● **Recorded data**:

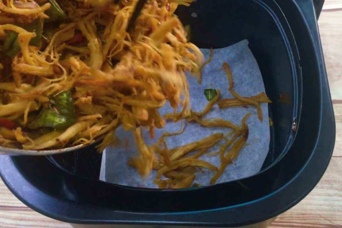 Cho khô gà lá chanh vào nồi chiên không dầu
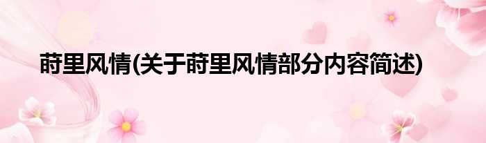 导读 大家好,今天小方来说说一篇关于莳里风情,关于莳里风情部分内容简述的文章,那么现在就为大家来简单介绍下,希望对各位小伙伴们有所帮助。
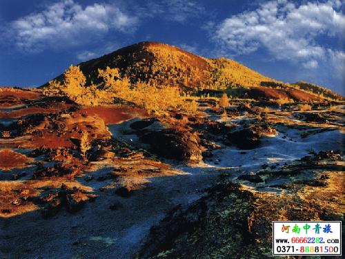 黑龙江省西北部的五大连池市,是我国着名的火山游览胜地。公元1719-1721年,火山爆发堵塞了当年的河道,形成了五个互相连通的熔岩堰塞湖。这里有景色奇特的火山风光、丰富完整的火山地貌和疗效显着的矿泉“圣水”,是一个集游览观光、疗养休息、科学考察多种功能的综合性天然风景名胜区。五大连地除五个堰塞湖外,还有许多古代和近代的火山。中、近期形成的火山共14座,其中老黑山和火烧山年龄最小,但体态庞大,景色尤佳,是五大连池中最佳景区。老黑山山势高耸,植被葱郁,相对高差达166米,是14座火山中最高的一座。

● **Aim of the exercise**: Word for word, repeat only the lines from the line containing "导读 大家好,今天小方来说说" through the end of the data, without any pictures.

● **Solution to this exercise**:
 导读 大家好,今天小方来说说一篇关于莳里风情,关于莳里风情部分内容简述的文章,那么现在就为大家来简单介绍下,希望对各位小伙伴们有所帮助。
 黑龙江省西北部的五大连池市,是我国着名的火山游览胜地。公元1719-1721年,火山爆发堵塞了当年的河道,形成了五个互相连通的熔岩堰塞湖。这里有景色奇特的火山风光、丰富完整的火山地貌和疗效显着的矿泉“圣水”,是一个集游览观光、疗养休息、科学考察多种功能的综合性天然风景名胜区。五大连地除五个堰塞湖外,还有许多古代和近代的火山。中、近期形成的火山共14座,其中老黑山和火烧山年龄最小,但体态庞大,景色尤佳,是五大连池中最佳景区。老黑山山势高耸,植被葱郁,相对高差达166米,是14座火山中最高的一座。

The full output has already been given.